Changes in Composition of the Bargaining Unit, 2006-2015

Categories: Bargaining Unit, Bargaining Updates 2014

While the parties have agreed on many issues there are a number of issues still in dispute. On some of these issues the parties are likely to engage in further discussion that might lead to resolution, others will have to be decided by an Arbitrator. Please note that any items agreed to at the bargaining table will not be implemented until the interest arbitration is complete. This is the twenty-fifth in a series of blog posts to discuss both the matters that have been agreed and those that are still in dispute, as well as the arbitration process in general.

While some issues, like obtaining a reasonable general wage increase, are constants in bargaining, others evolve over time in response to changes in management practice or in the composition of the bargaining unit. For example, the kinds of workload complaints we hear now include issues that were largely absent in 2006.

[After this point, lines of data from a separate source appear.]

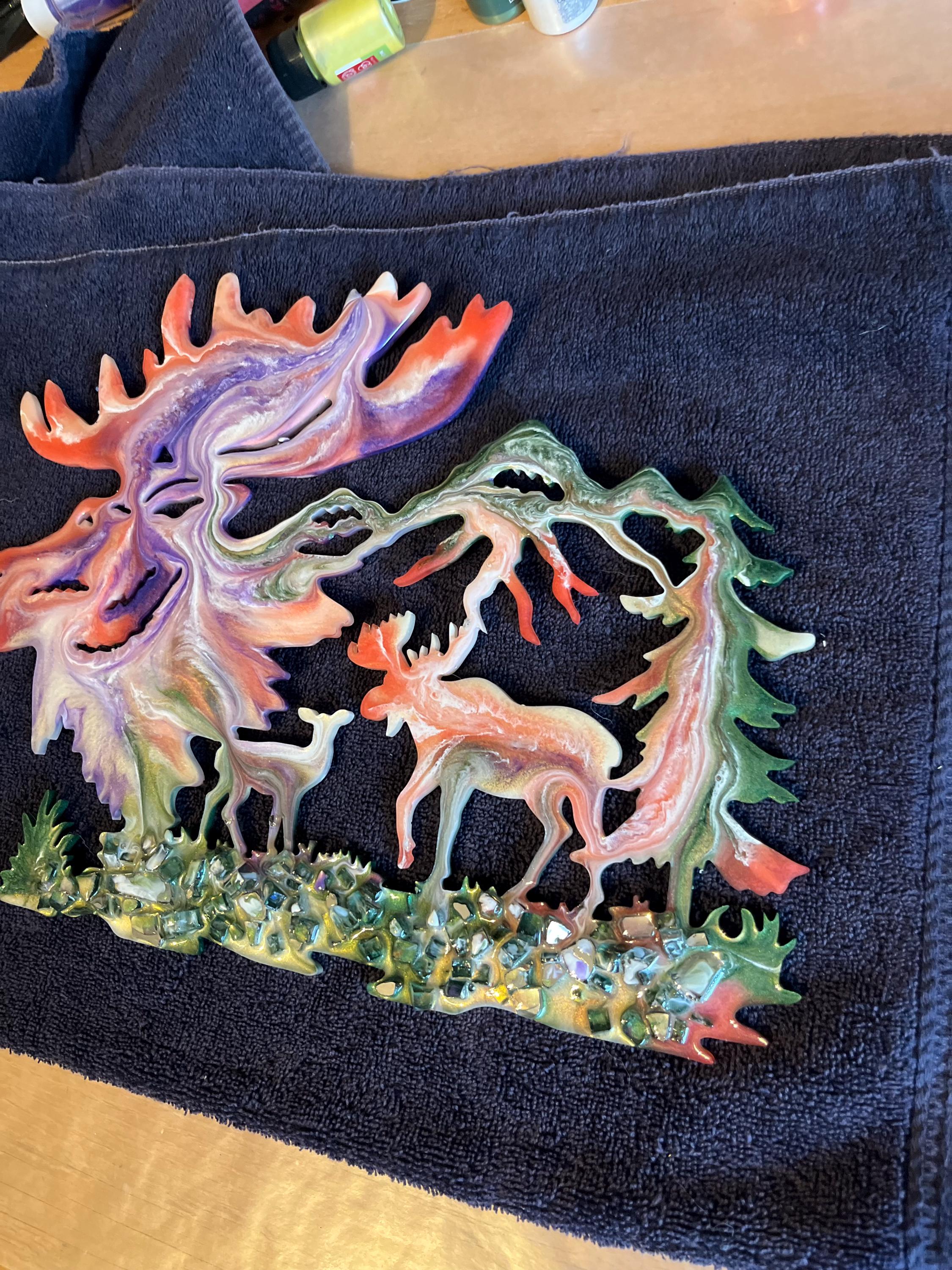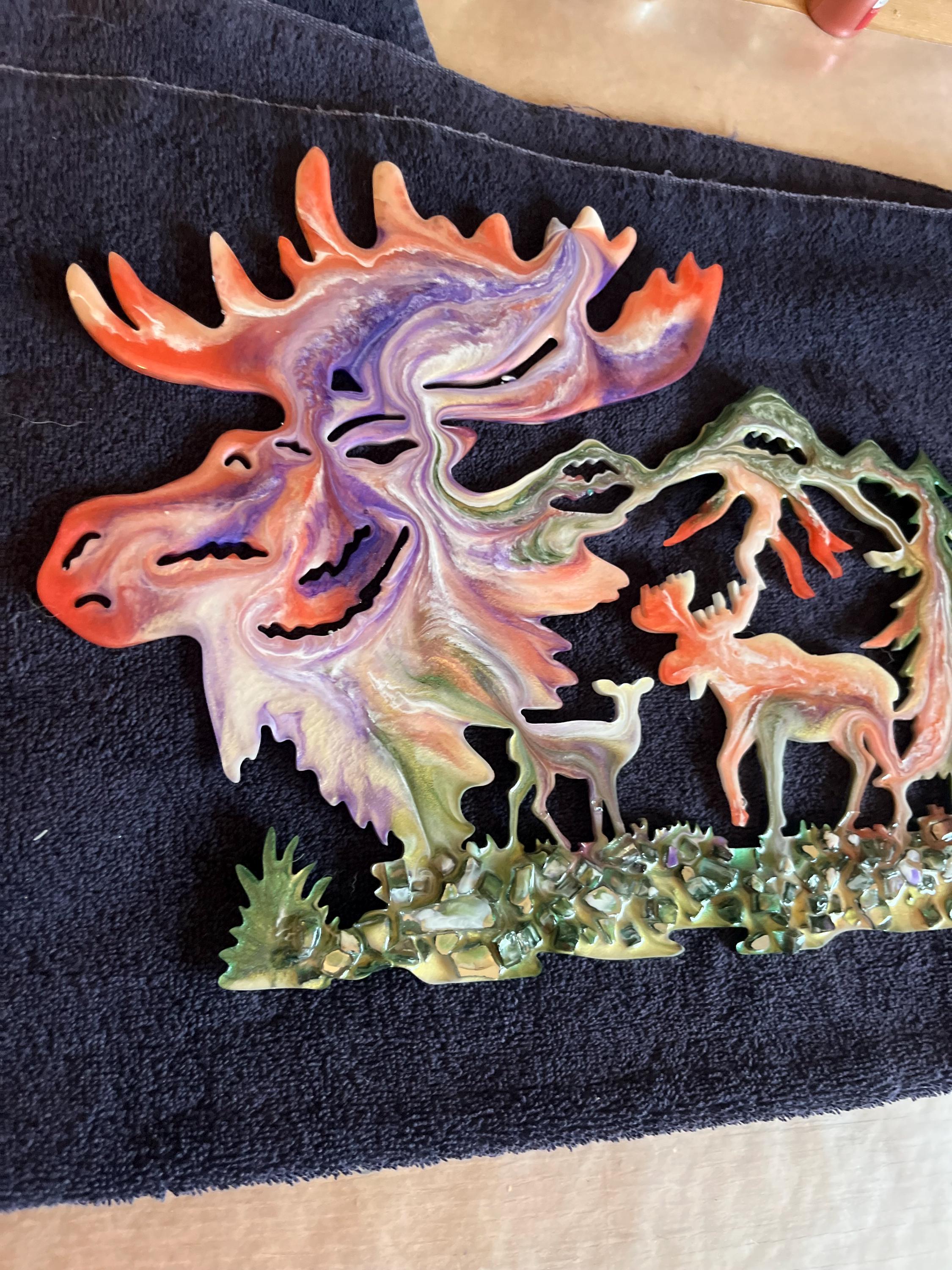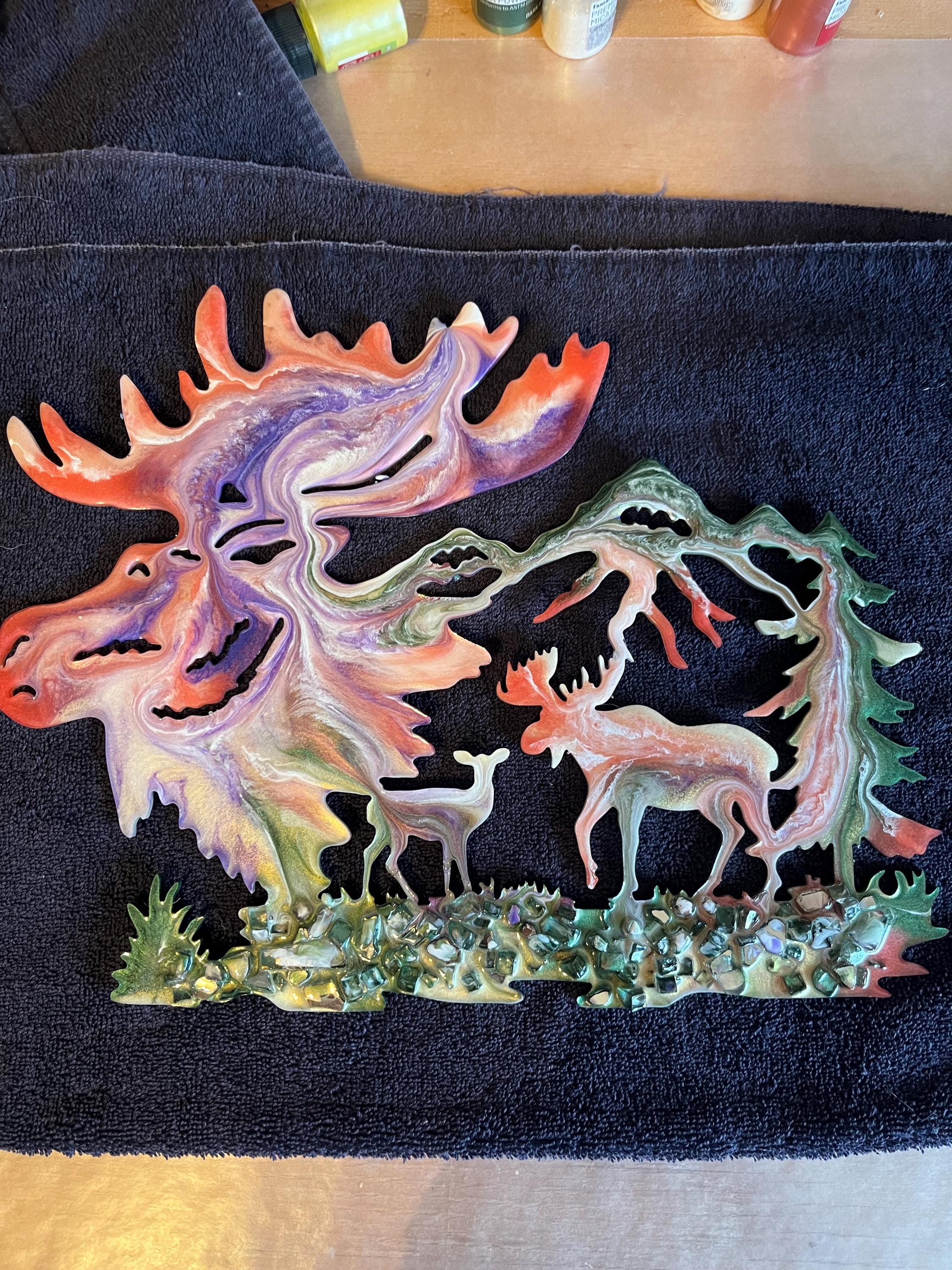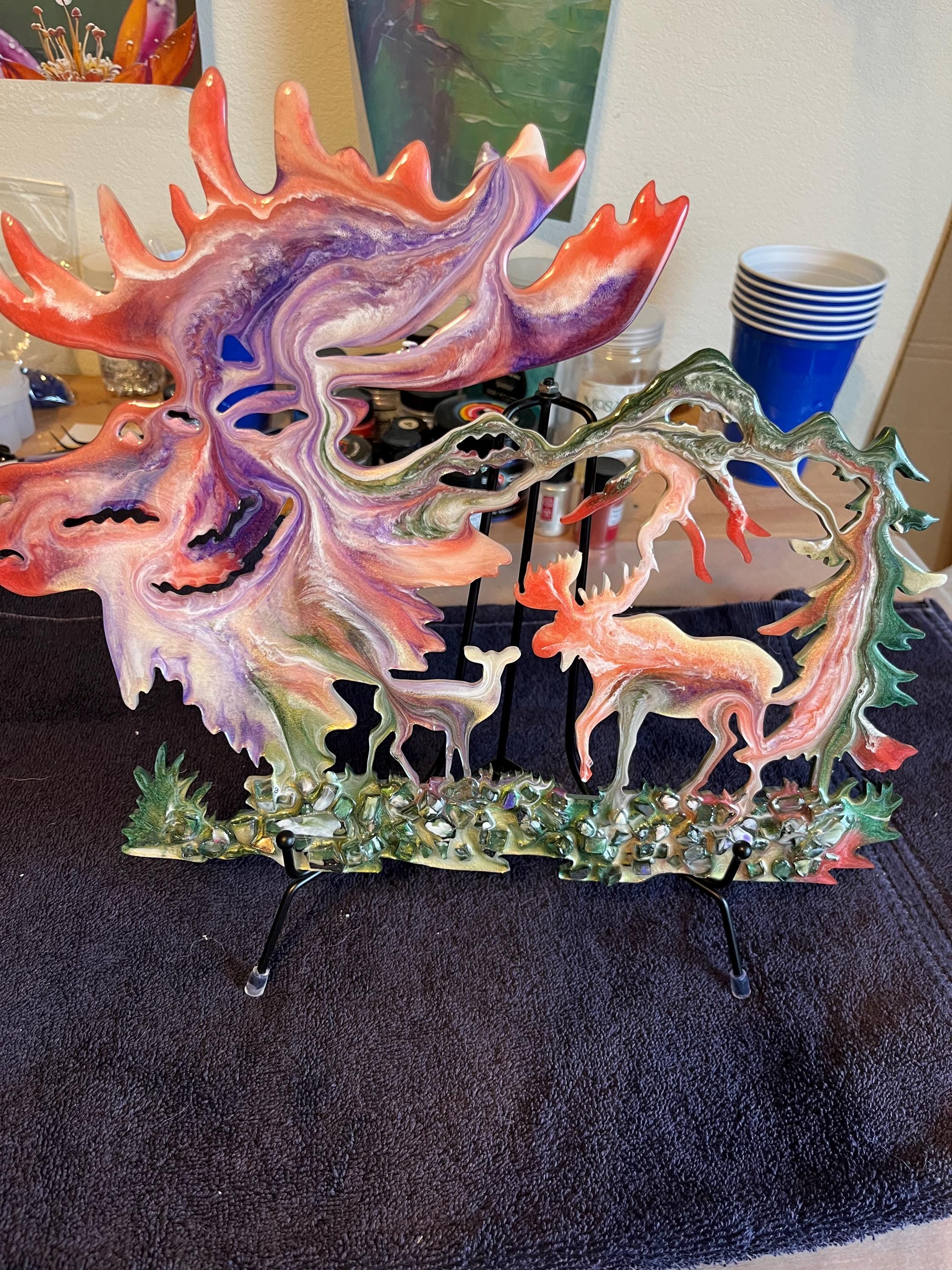 13 inch by 10 inch wall hanging or item for a stand moose and deer art. Colors include peach, purple, white, green yellow
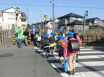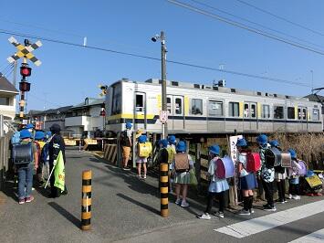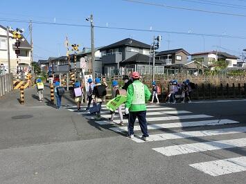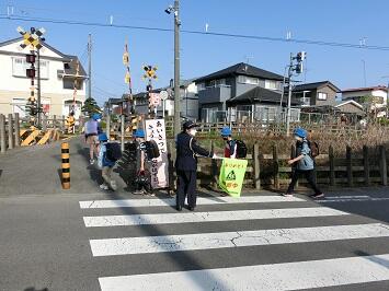 今回は通学路のうち東武宇都宮線踏切付近の登校の様子を見ました。交通指導員や見守りボランティア,保護者の方々の指導を受けながら歩いていました。児童が安全に通学できるのは,こうした方々のお陰です。感謝申し上げます。
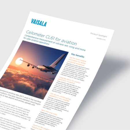 CL61 is unlike any other ceilometer, and it is already providing previously unattainable benefits to aviation. Contact us now to learn more how CL61 can dramatically improve your operations.
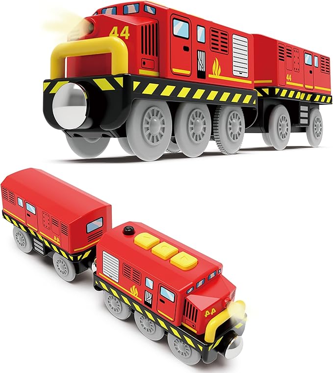 Train Toys Battery Operated Locomotive Train for Wooden Track, Motorized Train for Toddlers with Magnetic Connection, Compatible with Thomas, Brio, Chuggington, Melissa and Doug
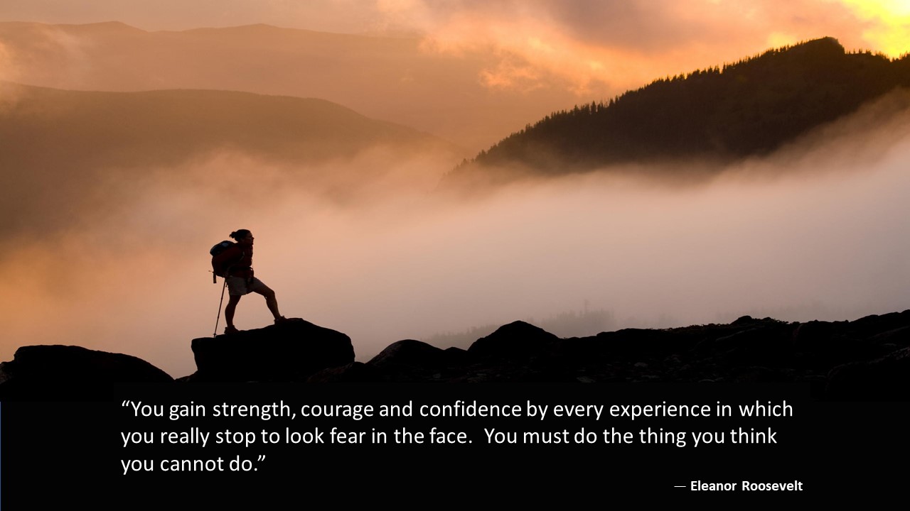 “You gain strength, courage and confidence by every experience in which you really stop to look fear in the face. You must do the thing you think you cannot do.”
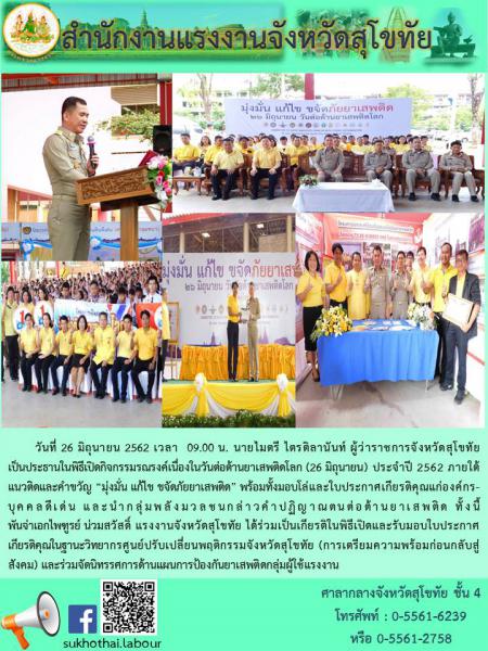 สรจ.สุโขทัย ร่วมกิจกรรมรณรงค์เนื่องในวันต่อต้านยาเสพติดโลก (26 มิถุนายน) ประจำปี 2562 ภายใต้แนวคิดและคำขวัญ “มุ่งมั่น แก้ไข ขจัดภัยยาเสพติด”
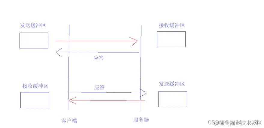 客户端和服务器在通信时,都有自己的发送和接收缓冲区 客户端发数据时,将客户端的发送缓冲区里的数据 发送到 服务器的接收缓冲区 中 服务器发数据时,将服务器的发送缓冲区里的数据 发送到 客户端的接收缓冲区 中
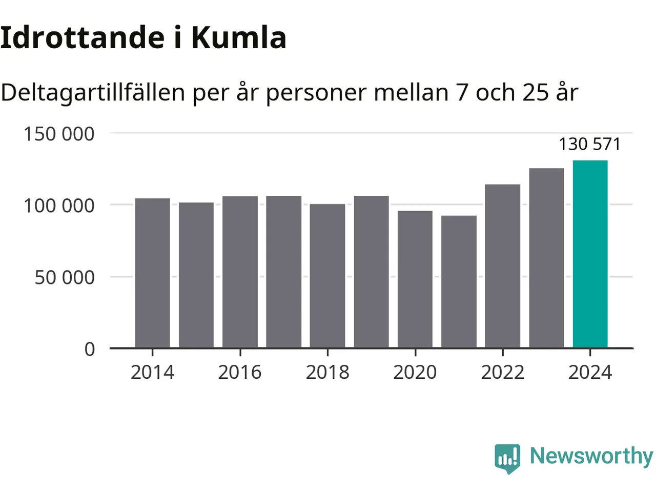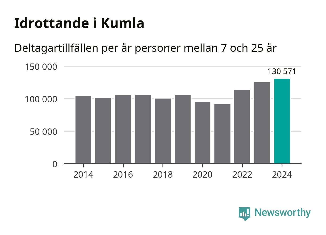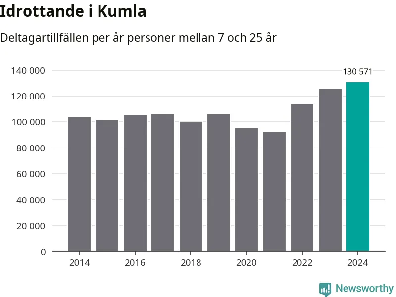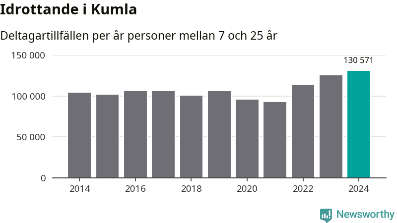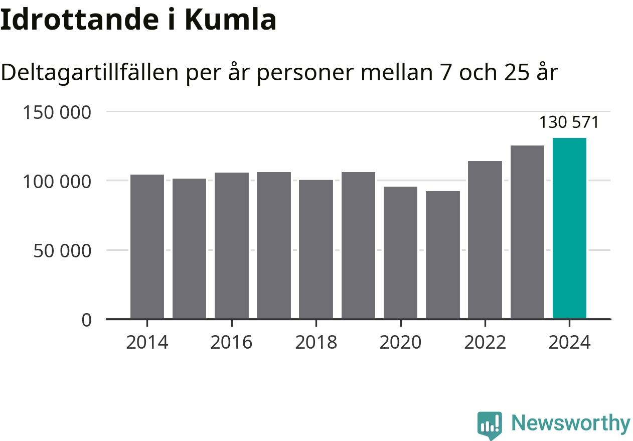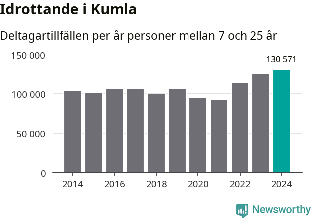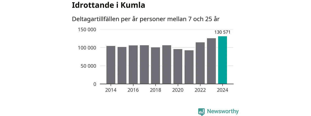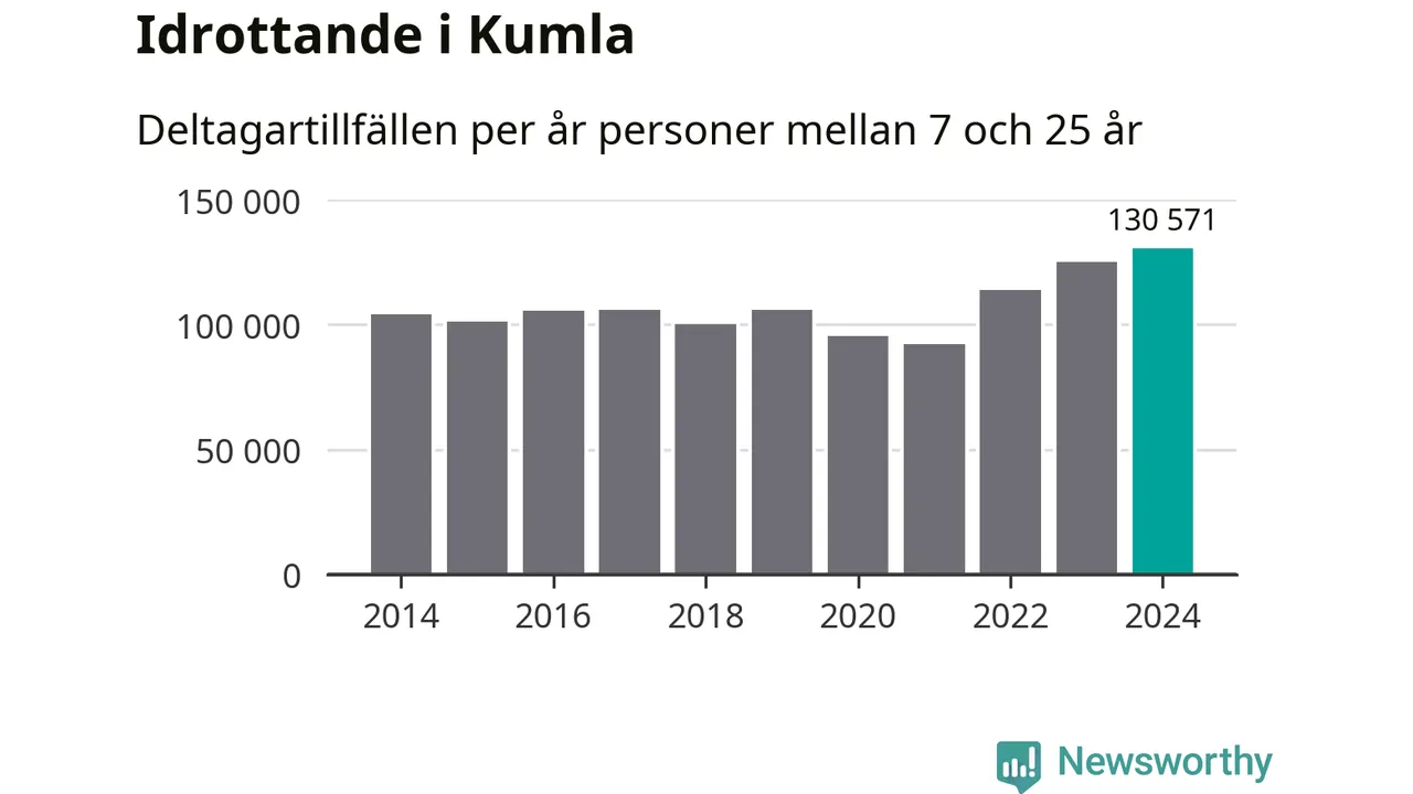 För tredje året i rad ökade aktiviteten inom ungdomsidrotten i Kumla under 2024. Det visar nya siffror om utbetalt Lok-stöd, som delas ut till föreningar anslutna till Riksidrottsförbundet specialidrottsförbund. Stödet riktar sig till föreningar som bedriver verksamhet för deltagare i åldern 7-25 år. Under året rapporterade föreningarna i Kumla runt 131 000 deltagartillfällen, vilket är en ökning med fyra procent jämfört med 2023, och den högsta siffran i kommunen sedan åtminstone 2014. I riket som helhet ökade antalet deltagartillfällen med fem procent under 2024.

One of the things that has changed over the past 9 years, and has changed the focus of our bargaining proposals, is the composition of the bargaining unit. Two trends stand out. First, there has been an increase in the relative size of the Educational Leadership and Lecturer groups. Second, there has been an increase in the number of members over the age of 71 (in 2006 members were forced to retire at age 65). Tables 1 and 2 provide headcounts by group for April 2006 and April 2015 for April 2006 and April 2015. The tables also provide the FTE count for Sessionals, as many of them do not have full-time appointments. These data were provided by UBC and are not completely accurate, but accurate enough for our purposes.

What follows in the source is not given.